Much its immersive appeal comes from the fact that Ridley Scott allows the 117-minute long film to move at a measured and thoughtful pace, letting the musically-nuanced and unexpectedly evocative music by Vangelis wash over you as flying cars poetically glide between buildings and Deckard walks the streets of the gritty urbanscape looking for his quarry.
Rather than the furiously-paced action thrillers of today, full of eye-popping colours, swift movement and dizzying connecting of the narrative dots, Blade Runner, which benefits immeasurably from the complex and luminously beautiful – yes it’s possible for even a dystopian city to be beautiful in its own decaying-and-yet-not way – cinematography of Jordan Cronenweth, takes its time, moving langorously between various plot points, to great effect.

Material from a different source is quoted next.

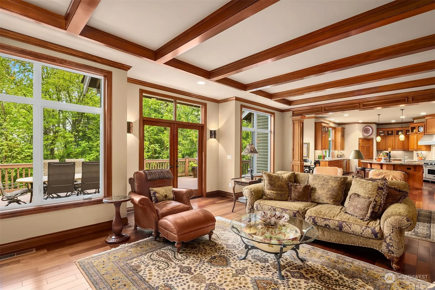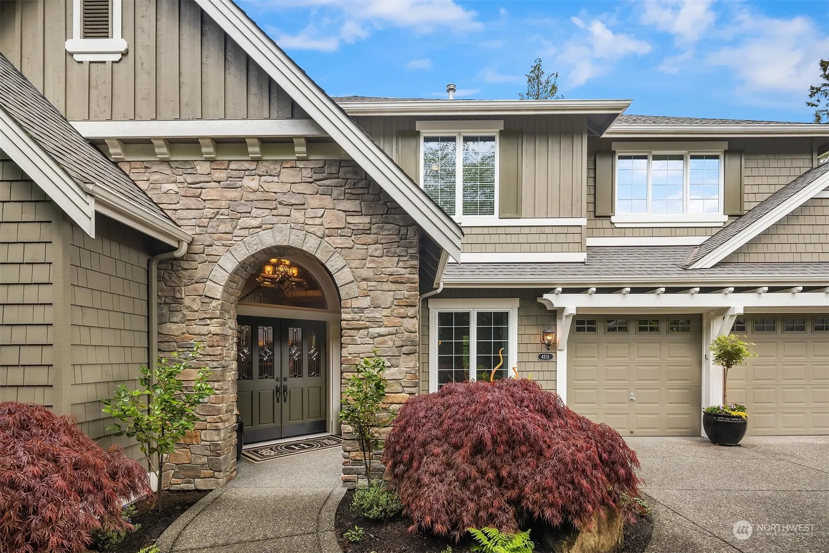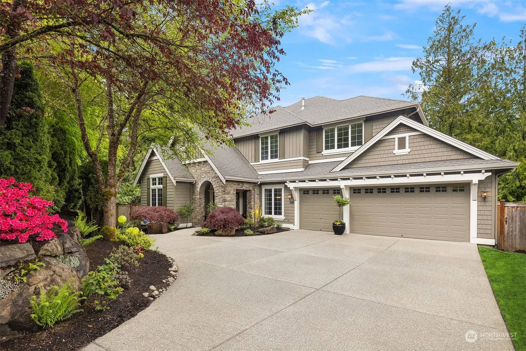 Exceptional William Buchan home in desirable Timberline! Perfect floor plan, luxury finish, best location, top rated schools & safe neighborhood, this home has All! A private driveway leads to this beautiful home, sits on a 1/2-acre lot and backs to greenbelt. Grand entry with vaulted ceiling, rich alder cabinetry, lustrous slab granite, high-end appliances, dramatic beamed ceilings, huge entertainment deck, wine cellar. Main floor features great room, kitchen, dining room, office. Upper level has primary suite w/ fireplace, two additional bedrooms, bonus room. Lower-level features recreation room, two bedrooms, wine cellar. Surrounded by nature, mature garden with blooms all year long. Easy commute to HWY520. On tech company shuttle route.

It’s all long, lingering looks, thoughtful pauses, the journey is every bit as important as the destination, and while it does pick up the pace considerably in the blood and rain-soaked final act when Deckard and a mad as a cut replicant snake Batty face off on the rooftops, there is even then a sense of time taken, and taken well.

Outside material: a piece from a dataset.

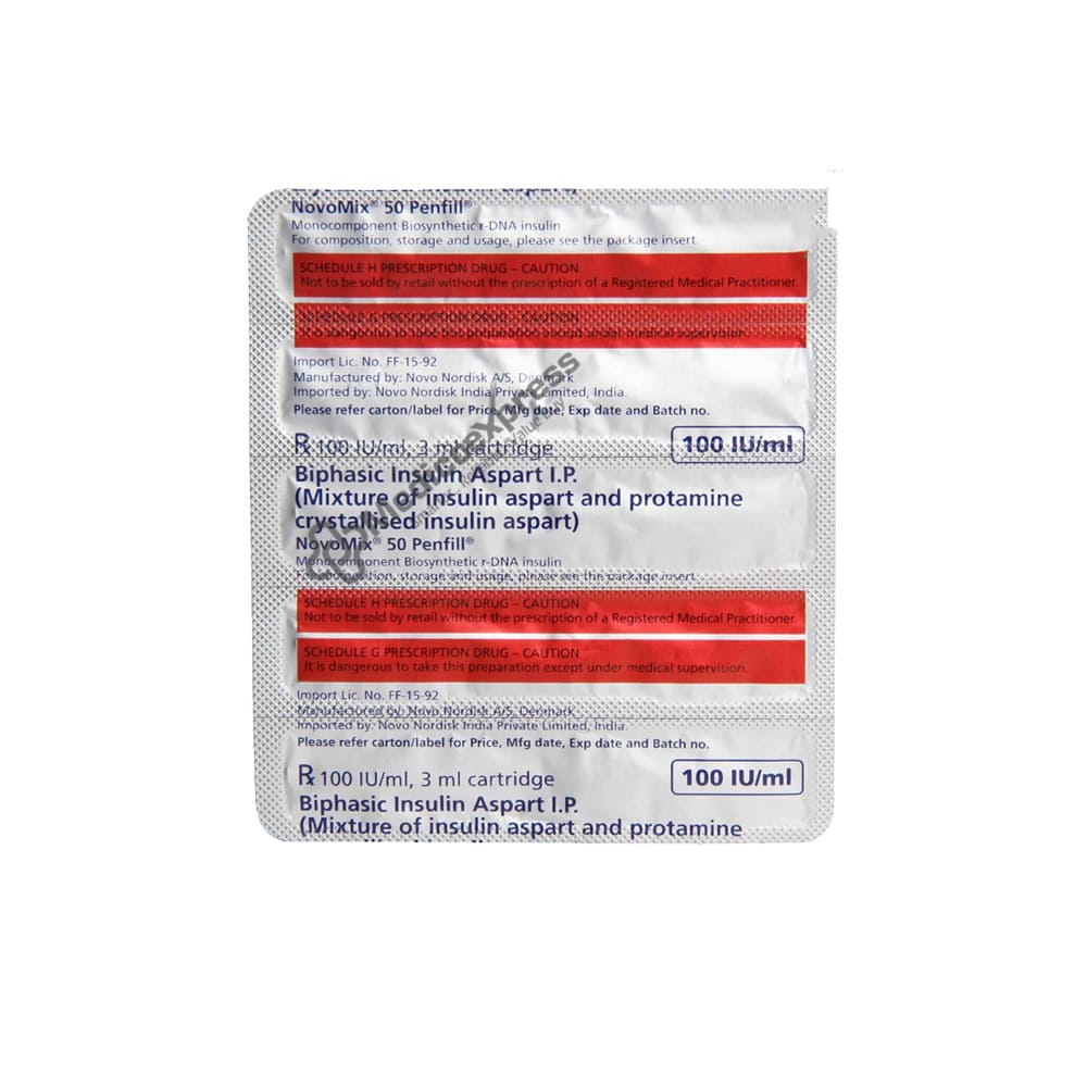 Novomix 50 100IU/ml Penfill 3ml is a medication that treats diabetes mellitus in adults and children (over the age of two) by combining human insulin with a longer-acting insulin analogue. Both adults and children's blood sugar levels are maintained by it. The condition known as diabetes mellitus affects how your body uses glucose.Disclaimer : For More Details, Contact Your Physician

This uncharacteristic approach, from today’s perspective at least, of simply letting the story take its own sweet time, works wonderfully for the film which is as much, if not more, a rumination about what it means to be human – there are a great many people who believe that Deckard, like his love Rachael (Sean Young), is a replicant, thanks to his dreams of unicorns and noting of a spider in a bush outside his window – as it is about the hunt for the replicants.
The nuanced and layered screenplay by Hampton Fancher and David Peoples is philosophical and meditative with admirable consistency, using the action sequences, which possess their own dream-like beauty, to temporarily ramp up the pace before dropping it back down to a kindler, gentler momentum.
Blade Runner is a film that asks, in the grand tradition of science fiction, with an oblique urgency that never comes to clumsily dominate this most elegant of cinematic masterpieces, whether humans should really be killing their own creations, especially in a world where so much death has already left us, glitzy, neon-wrapped urbanity notwithstanding, standing on the precipice of moral, civilisational and physical extinction.
The movie is replete with grand questions, but even more so with an engaging humanity that emerges even through all the slo-mo narrative twists and turns and measured dialogue and emotional remoteness, and with a rich visual aesthetic that winningly combines ’40s art deco-hangover with a gritty 1950s retro-esque vision of the future.
Blade Runner exists in a world where for all the loss and diminution of civilisation, people hang on, as do their creations, with every one of them simply seeking to live life on their own terms.
It is an existential underpinning that gives this film a deep, resonant substance to go with its time-lavishing sensibility and visual richness, ensuring, in the process, that it is rightfully viewed as one of the great pillars, nay masterpieces, of science fiction cinematic storytelling.